Cautionary Statements under the US Private Securities Litigation Reform Act of 1995
The Group’s Annual Report and Accounts and its period reports filed with the US Securities and Exchange Commission (the ‘Commission’), including this Annual Report on Form 20-F for the year ended 31st December 2000 (the ‘2000 Form 20-F’), contain, and written information released, or oral statements made to the public in the future by or on behalf of the Group may contain, forward-looking statements. Forward-looking statements give the Group’s current expectations or forecasts of future events. An investor can identify these statements by the fact that they do not relate strictly to historical or current facts. They use words such as ‘anticipate’, ‘estimate’, ‘expect’, ‘intend’, ‘will’, ‘project’, ‘plan’, ‘believe’, and other words and terms of similar meaning in connection with any discussion of future operating or financial performance. In particular, these include statements relating to future actions, prospective products or product approvals, future performance or results of current and anticipated products, sales efforts, expenses, the outcome of contingencies such as legal proceedings, and financial results.

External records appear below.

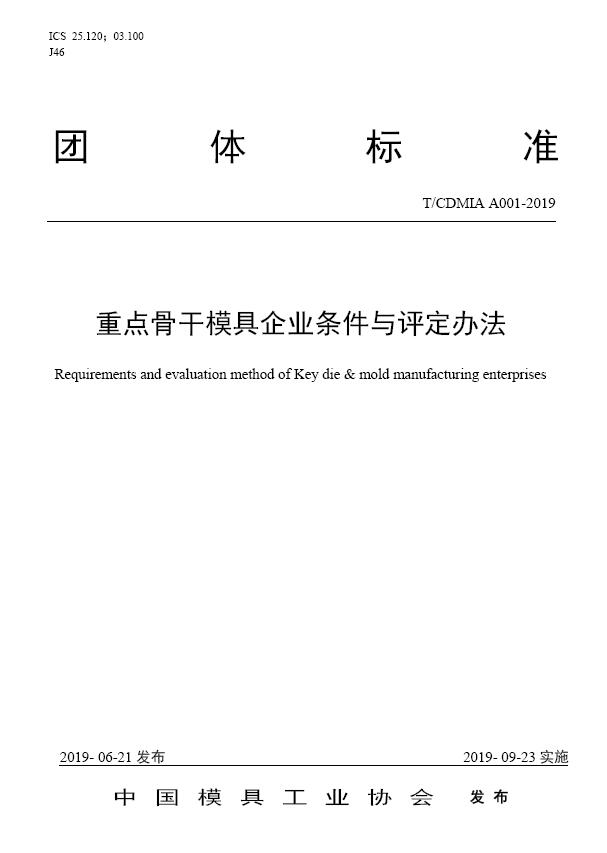 中國模協(xié)標準A001-重點(diǎn)骨干模具企業(yè)條件與評定辦法-2019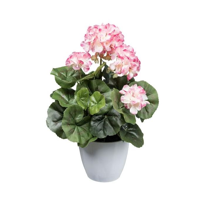 Dekoblume Geranie KLUMOR im Melamin-Übertopf, rosa-weiß, 35cm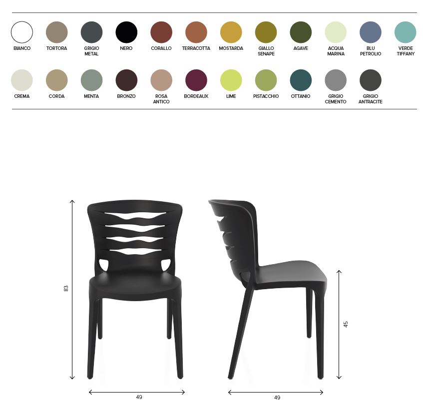 SET 4 SEDIE INTERNO-ESTERNO MO-OS, NUMEROSI COLORI

Any or all of the Group’s forward-looking statements in the 2000 Form 20-F, in reports filed with the Commission, or in any other public statements the Group makes, may turn out to be incorrect. They can be affected by inappropriate or inaccurate assumptions the Group might use as a basis for such forward-looking statements or by known or unknown risks and uncertainties. Many factors mentioned in the discussion of the Group’s business in the 2000 Form 20-F will be important in determining future results. Consequently, no forward-looking statement should be viewed as or can be guaranteed. Actual future results may vary materially.

The Group undertakes no obligation to publicly update any forward-looking statements, whether as a result of new information, future events or otherwise. Investors should also note the cautionary discussion of risks and uncertainties relevant to the Group’s business set out under Risk factors. This discussion is provided as permitted by the US Private Securities Litigation Reform Act of 1995.


Related party transactions

GlaxoSmithKline has a 27 per cent interest in Quest Diagnostics Inc. The activities of Quest are not part of the company’s core business, and the interest is held only as an investment.


Material contracts

The Boards of Glaxo Wellcome plc and SmithKline Beecham plc announced on 17th January 2000 the terms of an agreement for the proposed merger of the two companies. The merger was implemented by way of a scheme of arrangement on 27th December 2000, on which date GlaxoSmithKline plc acquired the whole of the issued share capital of Glaxo Wellcome plc and SmithKline Beecham plc.

On 18th January 2001 GlaxoSmithKline completed the acquisition of Block Drug Company Inc, a manufacturer of toothpaste and other oral healthcare and consumer products, for US$1,240 million (£832 million).


Documents on display

Documents referred to in this Annual Report are available for inspection at the Registered Office of the company.